I am associated with BAKER, McEVOY & MOSKOVITS, P.C., attorneys for defendants DANIEL SOUVENIR and BIL-EZ SERVICE CORP., and as such am fully familiar with the facts and circumstances of this action as set forth based upon the contents of the file maintained in this office.
There is absolutely no evidence Dr. Yom nor Dr. Wert examined plaintiff’s ALBERT KIM and KEYNNGTEA KO recently and as such his opinions as to causation does not have a rational basis as it is not based on any findings contemporaneous with the accident.
The last time plaintiffs ALBERT KIM and KEYNNGTEA KO’s were last examined by Dr.

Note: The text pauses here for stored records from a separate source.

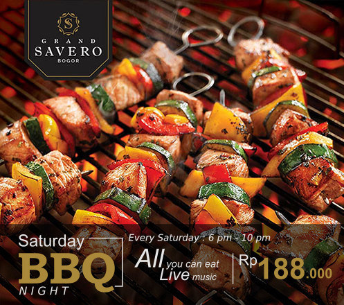 Grand Savero yang berlokasi di Bogor dengan suasana yang asri dan modern menawarkan promo All You Can Eat Saturday BBQ Night. Grand Savero - Bogor bisa menjadi pilihan Anda untuk menghabiskan waktu bersama keluarga dan juga kerabat terdekat sambil BBQ.
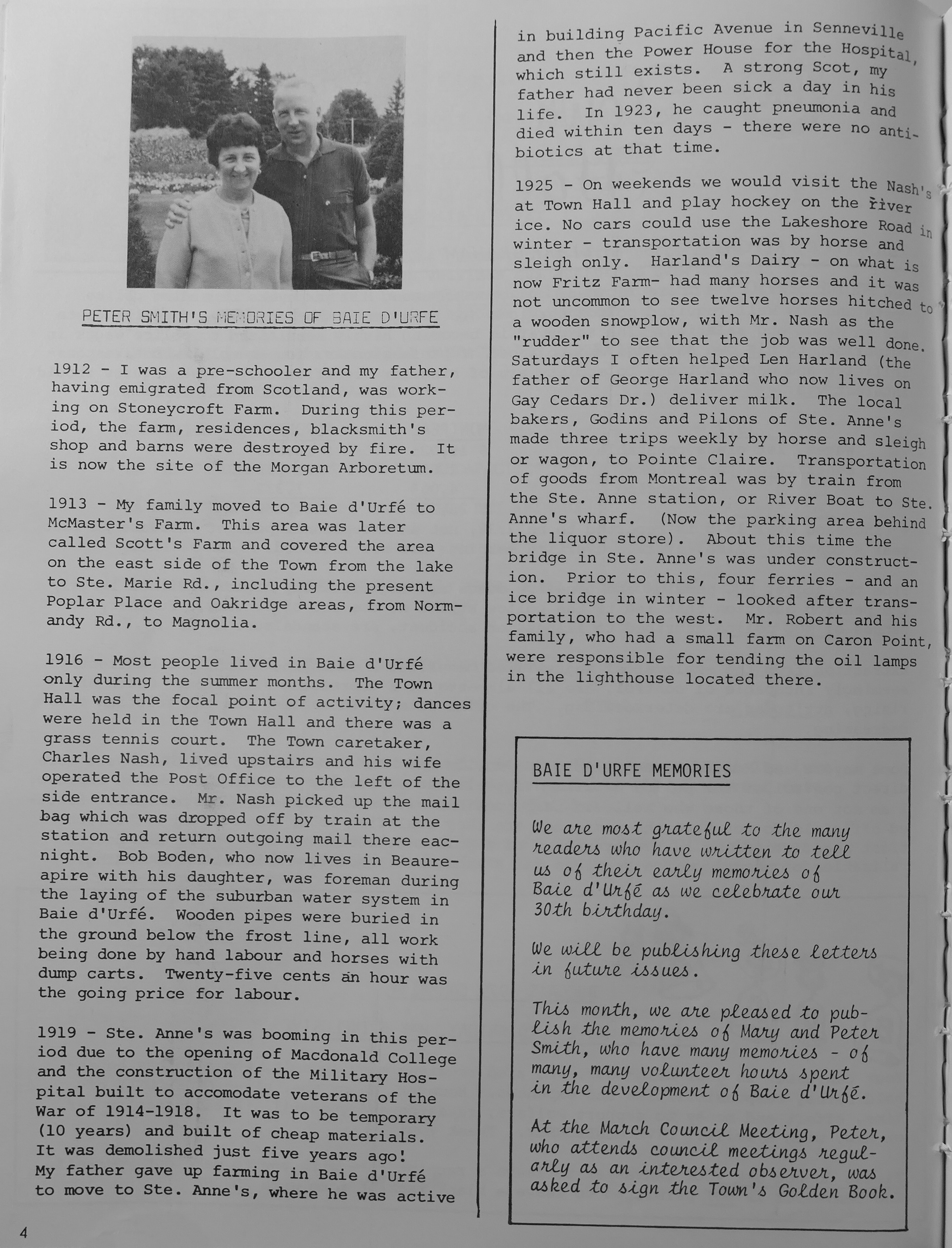 This month, we are pleased to publish the memories of Mary and Peter Smith, who have many memories - of many, many volunteer hours spent in the development of Baie d'Urfé.
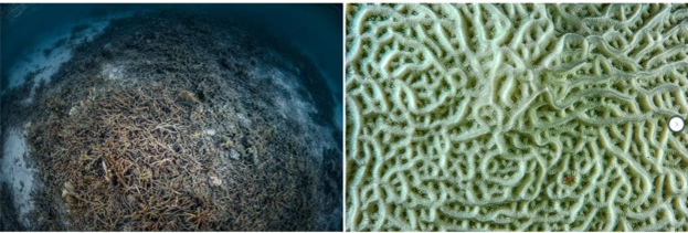 sbiancamento dei coralli, un fenomeno in cui i coralli espellono le alghe che conferiscono loro colore e vitalità. Ogni evento di sbiancamento indebolisce i coralli, riducendo la loro capacità di difendersi dalle malattie o di riprendersi dai danni subiti.
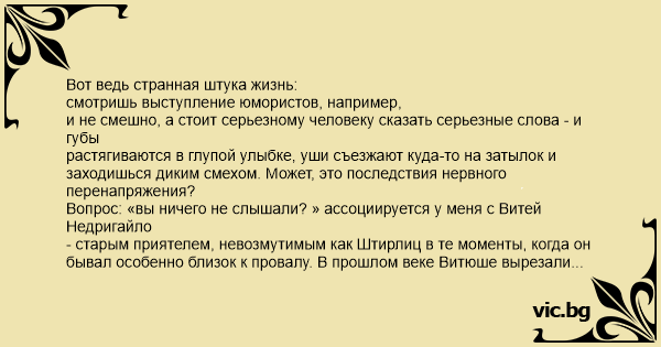 Вопрос: «вы ничего не слышали? » ассоциируется у меня с Витей Недригайло
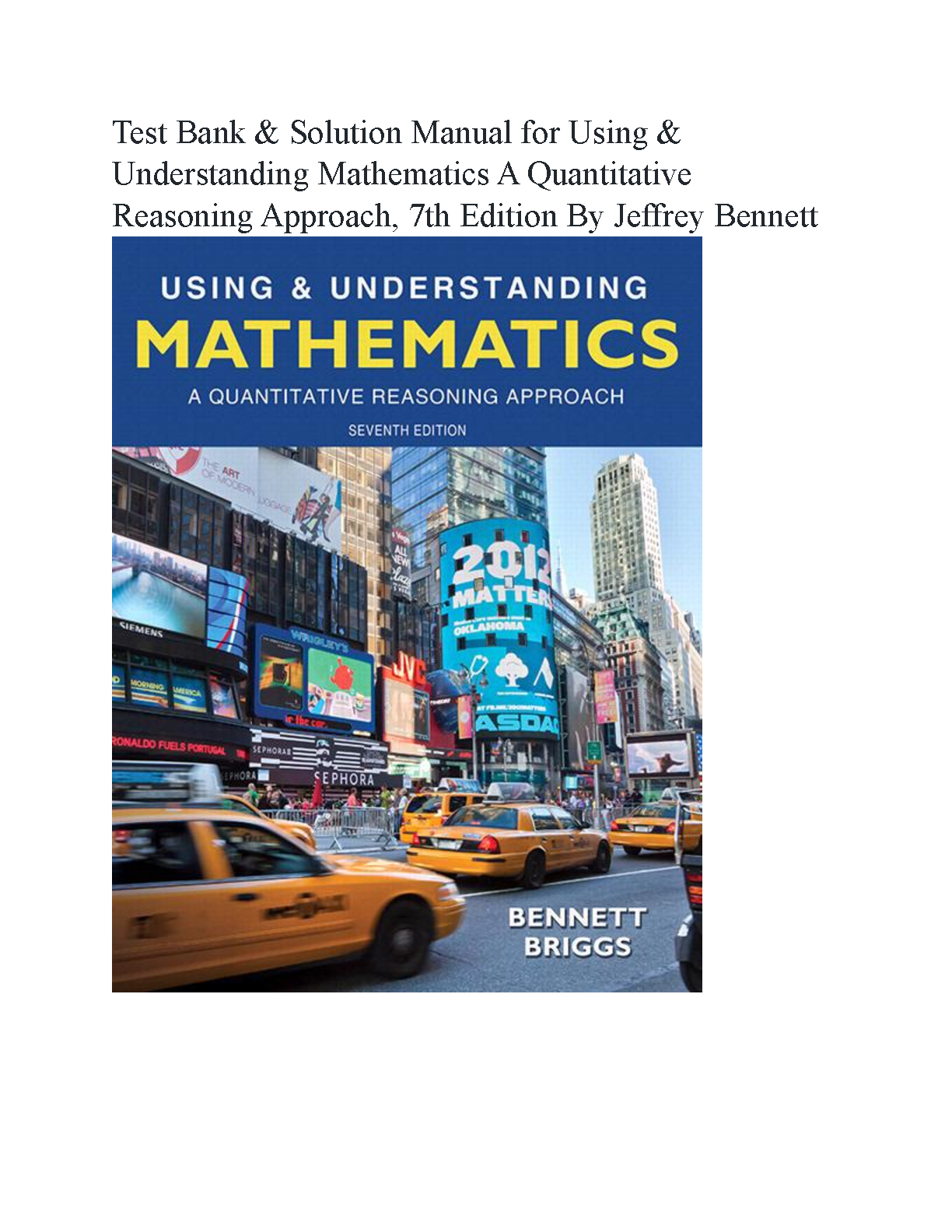 This is the Test Bank & Solution Manual for the 7th Edition of the textbook 'Using & Understanding Mathematics: A Quantitative Reasoning Approach' by Jeffrey Bennett & William Briggs. It's a valuable resource for educators and students using this textbook, providing answers to all exercises and problems. This manual offers support for effective teaching and learning of mathematics, making sure students grasp key concepts.
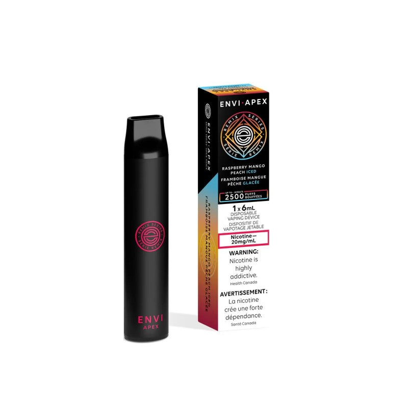 Raspberry Mango Peach Iced - ENVI Apex 2500: Experience the delightful fusion of raspberry, mango, and peach, all finished with an icy coolness. This trio offers a lush, fruity vape with a balance of sweetness and tartness, enhanced by a refreshing icy touch.
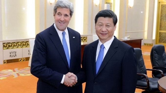 Ngoại trưởng Mỹ John Kerry (trái) trong cuộc gặp với Chủ tịch Trung Quốc Tập Cận B́nh.
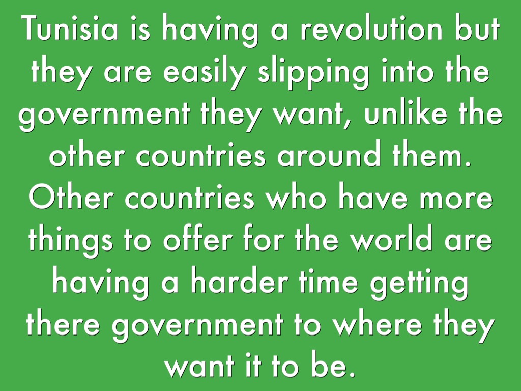 Tunisia is having a revolution but they are easily slipping into the government they want, unlike the other countries around them. Other countries who have more things to offer for the world are having a harder time getting there government to where they want it to be.
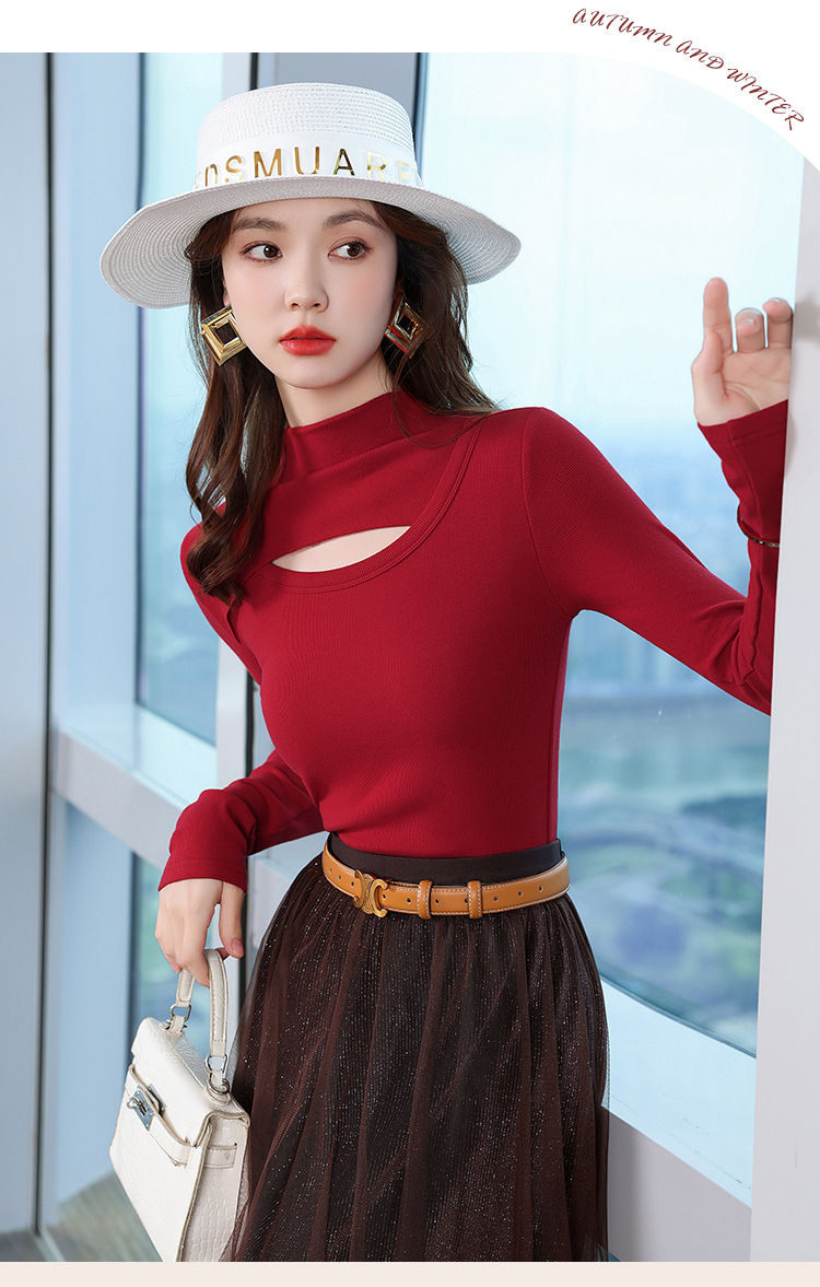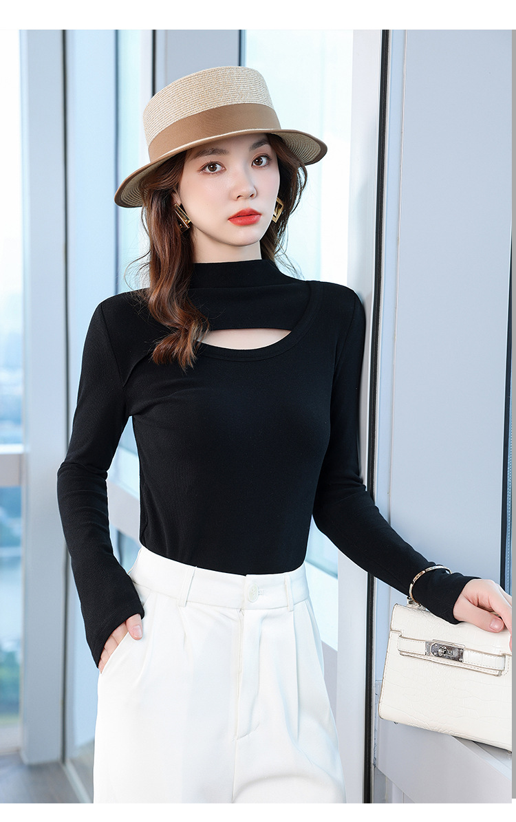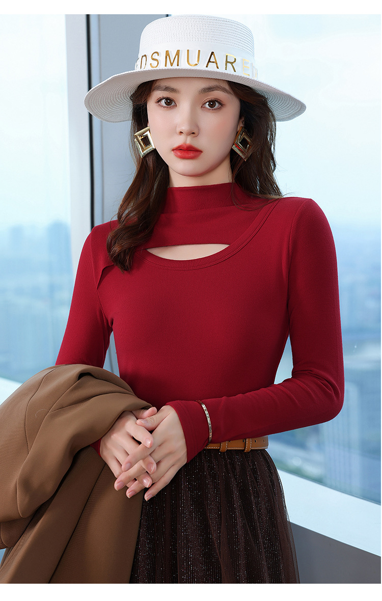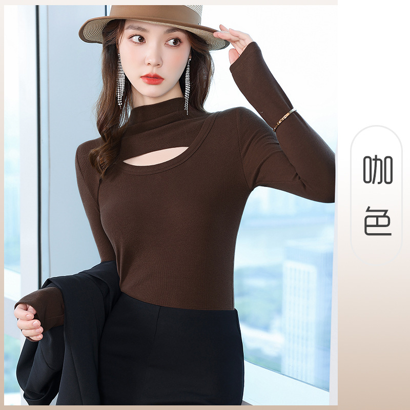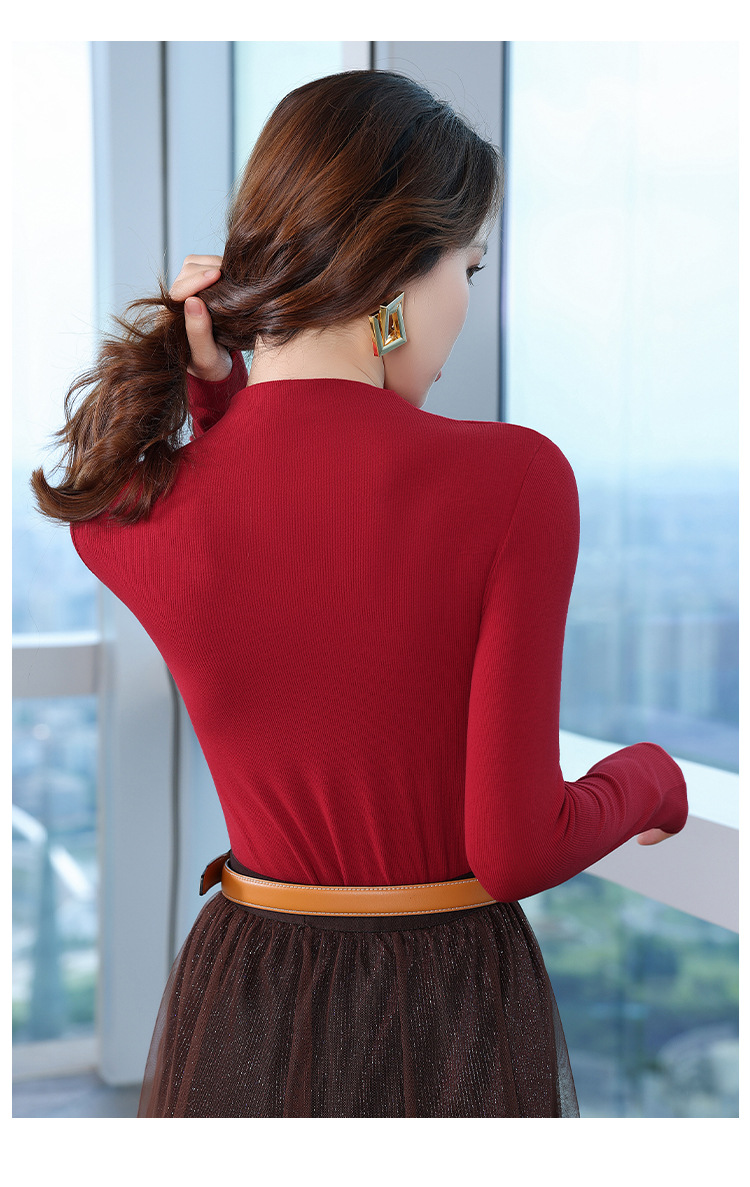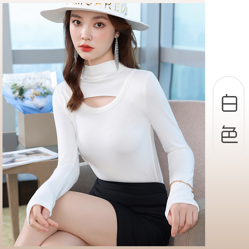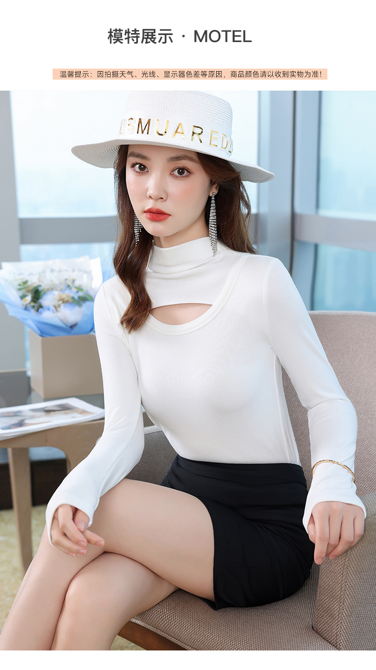 Qigu Niang 터틀넥 스웨터 여성의 봄과 가을 2024 새로운 슬림 핏 슬리밍 양면 벨벳베이스 내부 탑스토어 가기
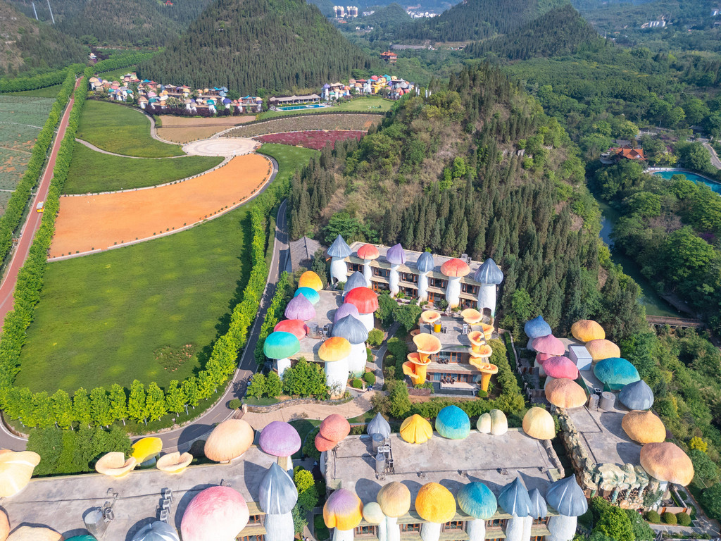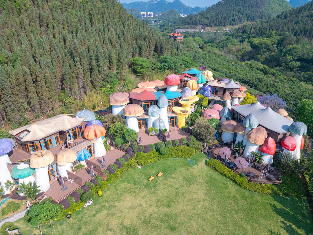 ⑥蘑菇野奢酒店:最最可爱的地方了,和“蘑菇🍄”为伴。整个酒店外观以兴义特有的菌鸡纵、青头菌、红菌、牛肝菌、荞巴菌等为主题原素设计,分为至尊区和主题区,有小黄人、米奇等特色亲子主题房,哈哈哈,住一晚不知道会不会变成蘑菇。
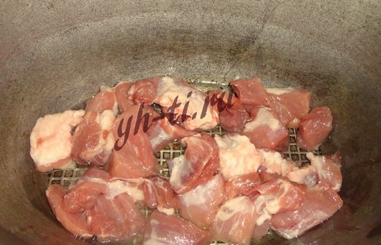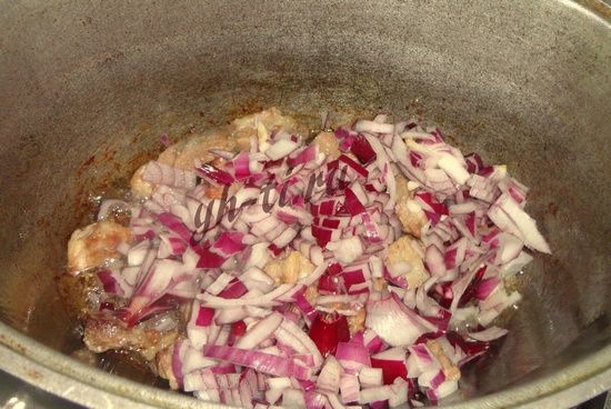 Мясо обжариваем до появления красивого румянца. Я обжаривала в казане, можно также использовать глубокую сковороду.
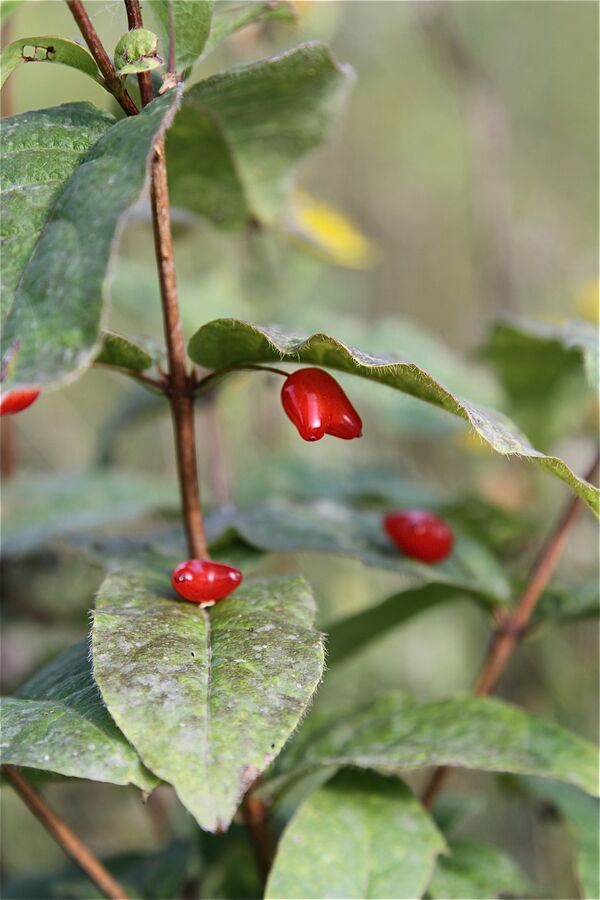 Плоды яйцевидные, ярко-красные, блестящие, попарно сросшиеся основаниями и расходящиеся наверху наподобие рожек, созревают в конце августа-сентябре.

Wert, was in August 2019, approximately one year ago to date, prior to this matter coming before the court thereby rendering said affirmations insufficient to defeat summary judgment.
In Griffiths v. Munoz, 98 A.D.3d 997 (2d Dep’t 2013) the Appellate Division held “In opposition, the injured plaintiff failed to raise a triable issue of fact as to whether the alleged injuries to the cervical and lumbar regions of his spine constituted a serious injury under the permanent consequential limitation of use category of Insurance Law § 5102 (d) as he did not offer any objective medical findings from a recent examination of those regions of his spine.” Just as in this case, plaintiff fails to offer any recent examination rendering her opposition insufficient to create any issue of fact.
In Ceglian, the Appellate Division stated in order for a bulging or herniated disc to constitute a serious injury, plaintiff must offer objective proof of the extent or degree of the alleged physical limitations resulting therefrom, and also establish that the subject accident was the cause of these conditions.